Einde inhoudsopgave
Besluit bedrijfsopvolgingsregeling schenk- en erfbelasting
3.9 Preferente aandelen
Geldend
Geldend vanaf 15-06-2024
- Redactionele toelichting
Onderdeel 3.9.3 is ingevoegd.
- Bronpublicatie:
04-06-2024, Stcrt. 2024, 13949 (uitgifte: 14-06-2024, regelingnummer: 2024-0000012721)
- Inwerkingtreding
15-06-2024
- Bronpublicatie inwerkingtreding:
04-06-2024, Stcrt. 2024, 13949 (uitgifte: 14-06-2024, regelingnummer: 2024-0000012721)
- Vakgebied(en)
Schenk- en erfbelasting / Erfbelasting
Schenk- en erfbelasting / Schenkbelasting
Op de schenking of vererving van preferente aandelen is de BOR onder voorwaarden van toepassing (artikel 35c, vierde lid, van de Successiewet). Voor indirect gehouden preferente aandelen zijn de voorwaarden opgenomen in artikel 8, derde lid, van de Uitvoeringsregeling.
Zo moeten bijvoorbeeld bij de omzetting van gewone aandelen in preferente aandelen, gewone aandelen zijn uitgegeven aan een ander (artikel 35c, vierde lid, onderdeel b, van de Successiewet en artikel 8, derde lid, onderdeel b, van de Uitvoeringsregeling). De verkrijger van de (indirect gehouden) preferente aandelen moet ten tijde van de verkrijging reeds voor ten minste 5% van het geplaatste kapitaal aandeelhouder zijn van die nieuw uitgegeven aandelen (artikel 35c, vierde lid, onderdeel d, van de Successiewet en artikel 8, derde lid, onderdeel d, van de Uitvoeringsregeling). De verkrijger van de preferente aandelen hoeft dus niet bij de omzetting al te voldoen aan het 5%-vereiste. Als de verkrijger ooit wel voldeed aan het 5%-vereiste, maar ten tijde van de verkrijging niet meer, dan is niet voldaan aan de vereisten.

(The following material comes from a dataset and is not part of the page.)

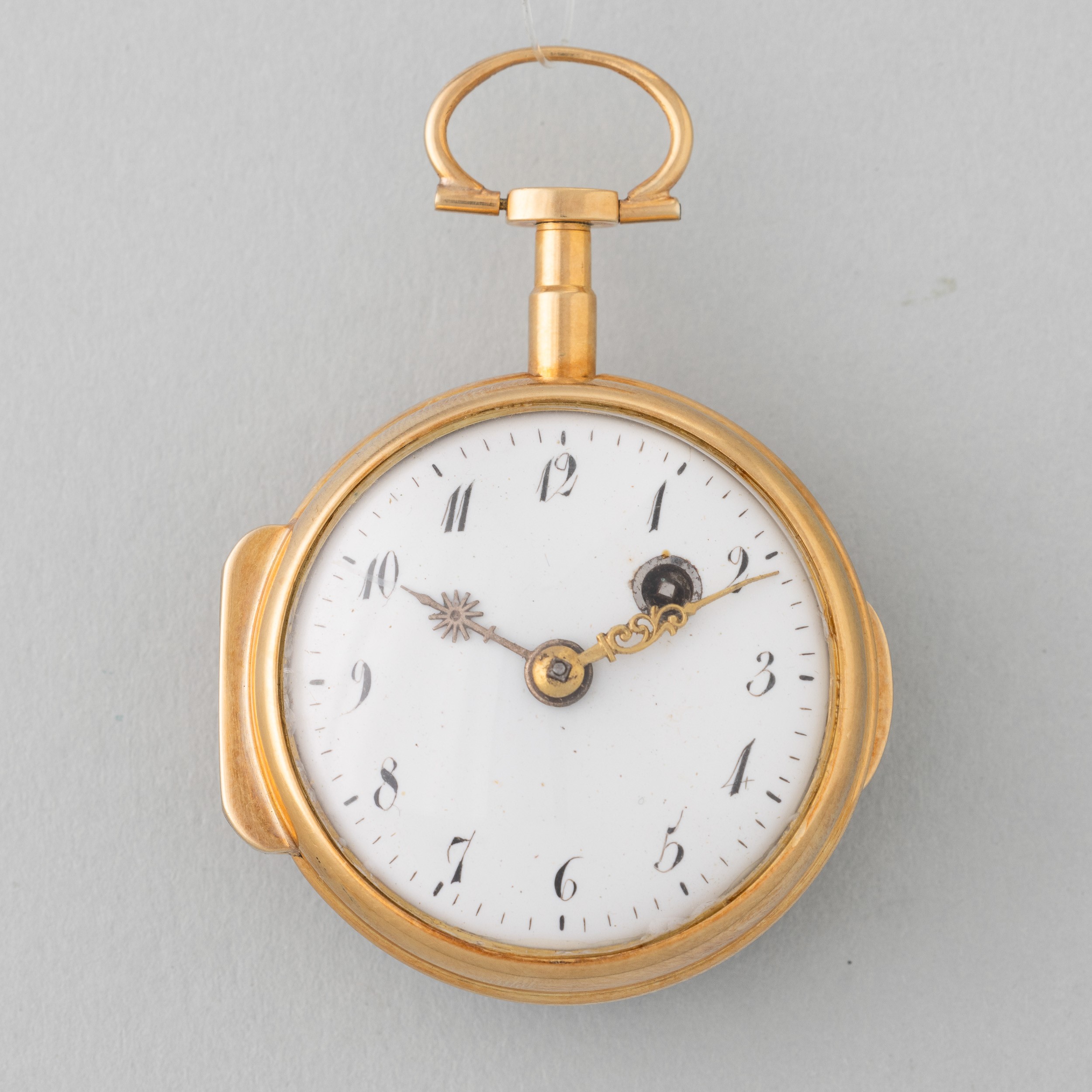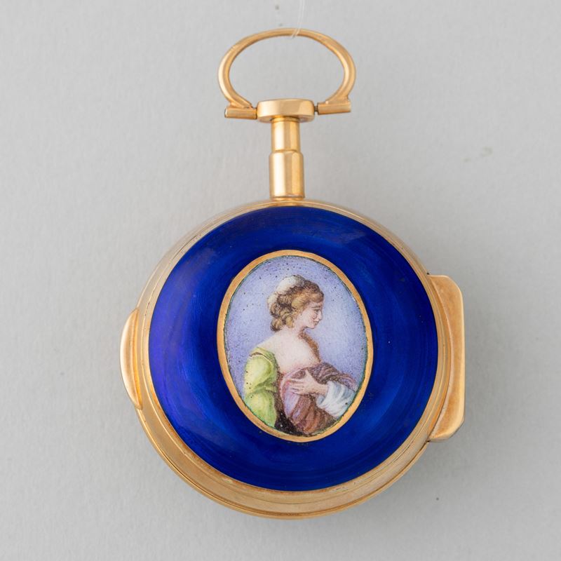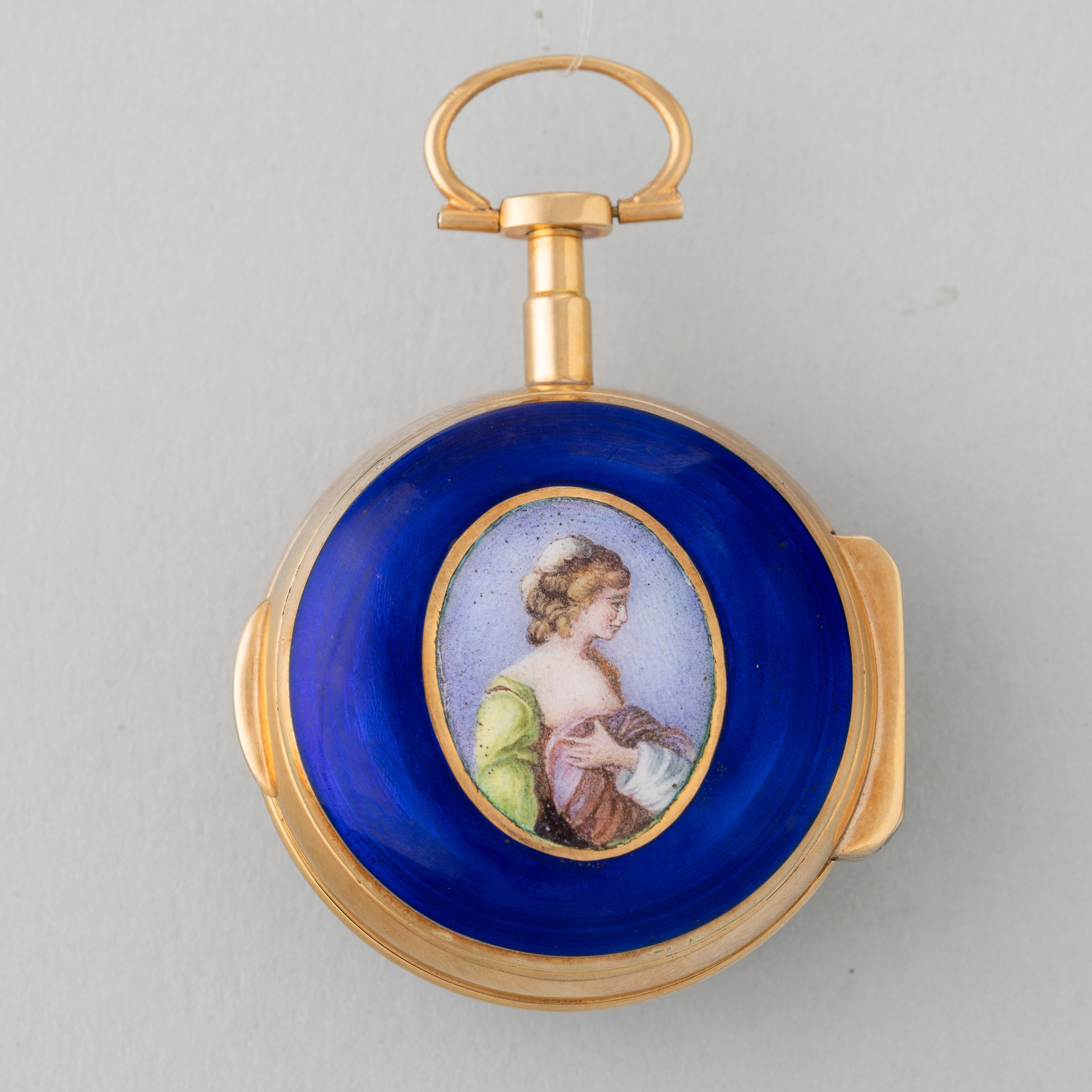 Cassa in oro 18 k (testato), di recente produzione con smalto al retro, movimento a verga anonimo, 1790 circa reincassato

Voor de verkrijger van indirecte preferente aandelen is de tekst van artikel 8, derde lid, onderdeel d, van de Uitvoeringsregeling van belang. De verkrijger mag de nieuwe gewone aandelen, die bij de omzetting van gewone aandelen in preferente aandelen zijn uitgegeven, direct of indirect houden.
Voor de directe preferente aandelen is bepaald dat de verkrijger aandeelhouder is van de bij de omzetting nieuw uitgegeven gewone aandelen (artikel 35c, vierde lid, onderdeel d, van de Successiewet). Het is echter geen bezwaar als de verkrijger de aandelen indirect houdt. Artikel 35c, vierde lid, onderdeel d, van de Successiewet, kan dus zo worden gelezen dat de verkrijger van de preferente aandelen reeds voor ten minste 5% van het geplaatste kapitaal direct of indirect aandeelhouder is van gewone aandelen als bedoeld in onderdeel b.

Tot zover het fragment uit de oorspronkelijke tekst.